Nation's waterway system vital to moving ag products

The huge increases in U.S. grain production only highlight the need for a strong program for maintaining and upgrading the nation's systems of locks and dams to facilitate barge transportation on the Mississippi River and inland waterways, says producer-ginner R.D. James, A.C. Riley Cotton Co., New Madrid, Mo.

“When 70 percent of the nation's soybeans, 62 percent of the corn, and 22 percent of our domestic petroleum are transported by barges, we need a strong federal commitment to keep this system open and functioning,” he told Rep. Travis Childers, D-Miss., at the summer meeting of the Southern Cotton Ginners Association at Biloxi, Miss. “It's unfortunate that some of our ports and harbors may have to close, when agriculture is one of the few positive contributors to this nation's balance of trade.”

The newly-elected congressman was invited to attend the sessions to hear concerns of farmers and ginners.

James serves on the seven-member oversight committee for flood control of the Mississippi River Commission, established in 1879, which provides water resources engineering direction, and policy advice to the administration, Congress, and the Army in a drainage basin that covers 41 percent of the United States and parts of two Canadian provinces.

The commission is charged with overseeing the comprehensive river management program known as the Mississippi River and Tributaries Project, the largest flood control project in the world, covering the 36,000-square mile lower Mississippi Valley. It also seeks to facilitate navigation and promote commerce on the vital water artery.

Waterborne commerce on the Mississippi River has increased from 30 million tons in 1940 to nearly 500 million tons today.

The 4,267 miles of commercial waterways and locks/dams are a vital component of this country's transportation system, James says.

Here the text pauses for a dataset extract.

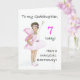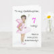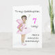 A 7th Birthday Card for a goddaughter, with a black fairy in a pink dress, from a watercolour illustration by Judy Adamson. Please feel free to customize the inside message and contact me through my store if you would like changes to the front cover.

“Barges are a far more economical method of shipping than rail or truck; the nation's shippers save $3 billion a year by moving their goods by barge. The typical barge can move 750,000 bushels of corn; that same amount would require 870 trucks.”

Barge traffic will be increasingly important for transportation of petroleum and other energy forms, he says. “Pipelines and railroads are already at maximum capacity, and building new facilities is difficult because of environmental and other regulatory requirements.

“There's a lot of room to grow traffic on the Mississippi and other inland waterways,” James says, “but maintenance and improvement of locks, dams, and other facilities are critical to insure the most efficient barge usage.”

Of the 29 locks and dams on the upper Mississippi, he says, “27 are past their design life and in varying stages of disintegration. It's disheartening what's happening to the infrastructure on the Mississippi River.”

Childers, whose district abuts the Tennessee-Tombigbee Waterway on the eastern border of Mississippi, said, “The Tenn-Tom and the Mississippi River are two of the nation's finest waterway systems and a vital part of this country's transportation network.

“For 14 of the last 17 years, I've served on the Yellow Creek Inland Port Authority of the Tenn-Tom. I have a keen interest in the nation's waterways, and I'm committed to supporting this vital system.”